Shaders are one of the critical inputs that a developer provides from the point of view of performance. Whether your goal is to increase FPS, reduce memory bandwidth or free up power budget, the ability to understand and optimize shaders is a powerful tool. By reducing complexity, and ensuring that shader programs are efficient, you can make significant cost savings.
If you are familiar with Mali Offline Compiler, you will understand how useful it can be to get shader program statistics for example cycle cost, register usage and what precision was used for arithmetic operations when your shader program runs on an Arm-based GPU. In this release, Frame Advisor now reports the following metrics for all the shader programs used in your captured frame:
The metrics are shown in tabular format in the Programs view. If you select the frame in the Frame Hierarchy view, you can see all the shaders used in the frame. You can then sort the table columns by each metric, to find the most expensive shaders.
Note that For Vulkan applications the metrics are generated without using the application pipeline state, so the numbers might not exactly match the runtime driver.
The Programs view table includes an approximate cycle cost breakdown for the major functional units in the shader core, the arithmetic unit, the load/store unit, the varying unit, and the texture unit.

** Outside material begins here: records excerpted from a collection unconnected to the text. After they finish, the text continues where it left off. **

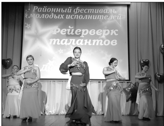
Выступает хореографический ансамбль «Серпантин».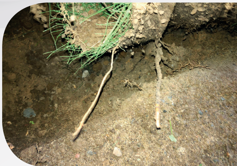
Système installé en 2003, inspecté en 2020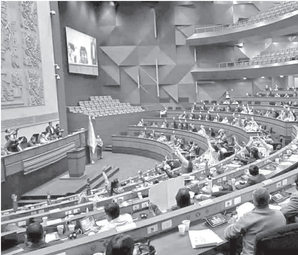
El pleno de la Cámara de Diputados.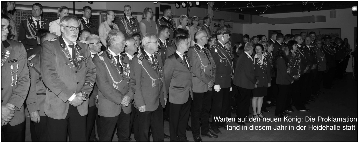
Warten auf den neuen König: Die Proklamation fand in diesem Jahr in der Heidehalle statt

Schützenfest - vom 19. Mai bis 22. Mai 2023

Look for the functional unit with the highest cycle cost in the shortest and longest path cycles. Consider how you could optimize the shader to reduce cost for that functional unit first.

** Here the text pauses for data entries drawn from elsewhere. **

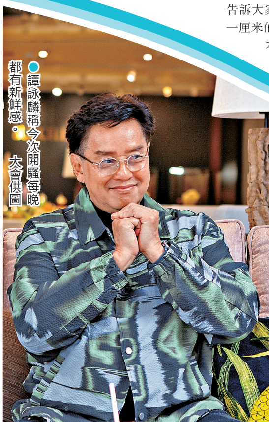
●譚詠麟稱今次開騷每晚都有新鮮感。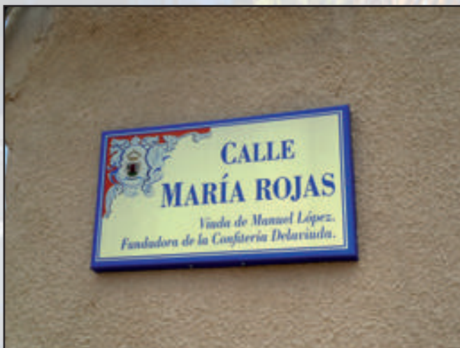
Ayuntamiento de Sonseca Gama Tradicional 500 x 300 mm Reflectante RA1 (impresión de vinilo) Fijación a pared mediante contraplaca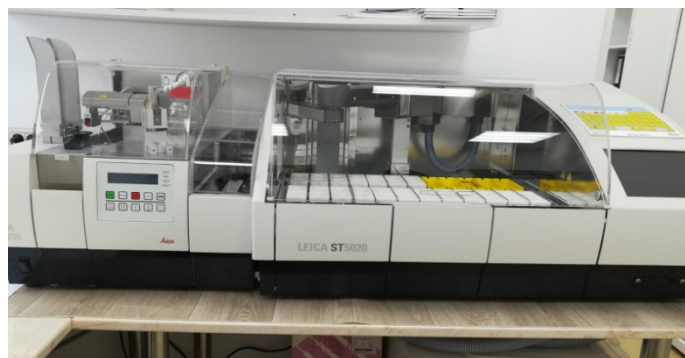
Aparat automat de colorare împreună cu stația de transfer lame conectată la stația de colorat în valoare de 202,062 lei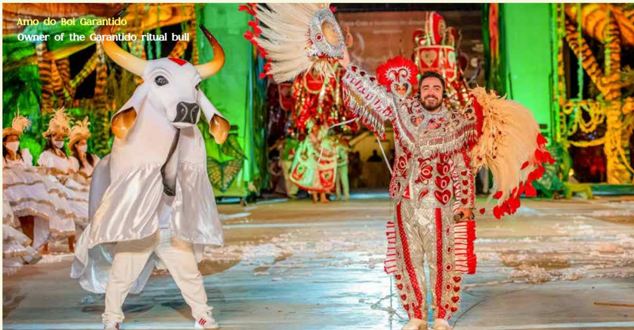
Amo do Boi Garantido Owner of the Garantido ritual bull

O evento movimenta mais de R$ 32 MILHÕES e atrai mais de 50 MIL turistas por temporada.

Note that the table shows the highest cost per thread. However, Frame Advisor does not know how many threads were executed in total, therefore this number does not represent the total shader cost per frame.
Occupancy shows the maximum possible number of threads as a percentage of shader core capacity. For example, if a shader core can physically run a maximum of 2048 threads, running the shader with 50% occupancy could only run 1024 at a time.
Work registers are general purpose read-write registers that are allocated to each running thread. The available physical register pool is divided among the shader threads that are executing. Therefore, reducing work register usage can increase the number of threads that can be executed simultaneously. This helps to keep the GPU busy because there are more threads to choose from when some threads are stalled waiting for data to load from memory. Look for shaders below 100% occupancy, and optimize them to use fewer work registers. The most effective way to do this is to reduce variable precision from 32-bit to 16-bit, which enables the GPU to store twice as many variables per register.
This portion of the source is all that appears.